On those interior stationary points the value of $f$ is 1. But the minimum can also be attained at the boundary of $S_{n,M}$.

Case 1: If $x=0, y \in [-M,M]$ then $f=0$

Case 2: If $x=n \pi, y \in [-M,M]$ then $f = \arctan^3(n \pi y)$, that has a minimum for $y=-M$.

Case 3: If $y=M, x \in [0, n\pi]$, $f=\sin^2 x + arctan^3(Mx)$ the attained minimum value is zero.

Case 4:If $y= -M, x \in [0, n\pi]$, $f=\sin^2 x + arctan^3(-M x)$. In this case you have several local minimum points, but the global minimum corresponds to the one found in case 2.

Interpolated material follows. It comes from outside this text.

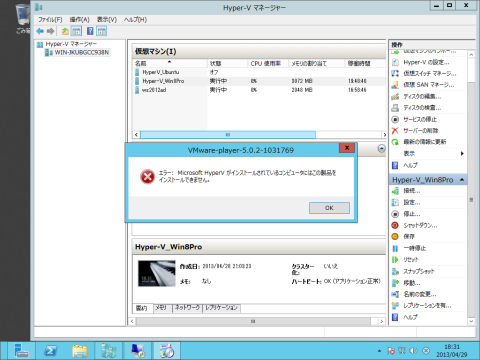 ・Vmwareを使ってWindows7上でWindows8を動かす

The final conclusion seems to be that the global minimum in $S_{n,M}$ occurs at $(n\pi, -M)$.

Answer 2

One suggestion is to analyse the terms independently: $\sin^2x$ and $\arctan^3(xy)$.

Since $\sin^2x \ge 0$ $\forall x \in [0, n\pi]$, the minimum value that it can achieve is $0$ for $x = n\pi$.

Also, assuming the usual range for principal value, $\arctan^3(xy) \in (-(\frac{\pi}{2})^{3}, (\frac{\pi}{2})^{3})$. Moreover, the function $\arctan^3(z)$ is monotonically increasing for $z \in (-\infty, +\infty)$, so its minimum value will be achieved for $\min \mathscr{D}$ where $\mathscr{D}$ is the domain of the function. In this case, the product of $x$ and $y$ will be minimum for the maximum value of $x$ as $x \in [0, n\pi]$ and the minimum value of $y \in [-M, M]$.

Hence, we can conclude that the minimum value of the required function, with the given range for $x, y$ will be at $x = n\pi$ and $y = -M$ and the minimum value will be $arctan^3(-nM\pi)$.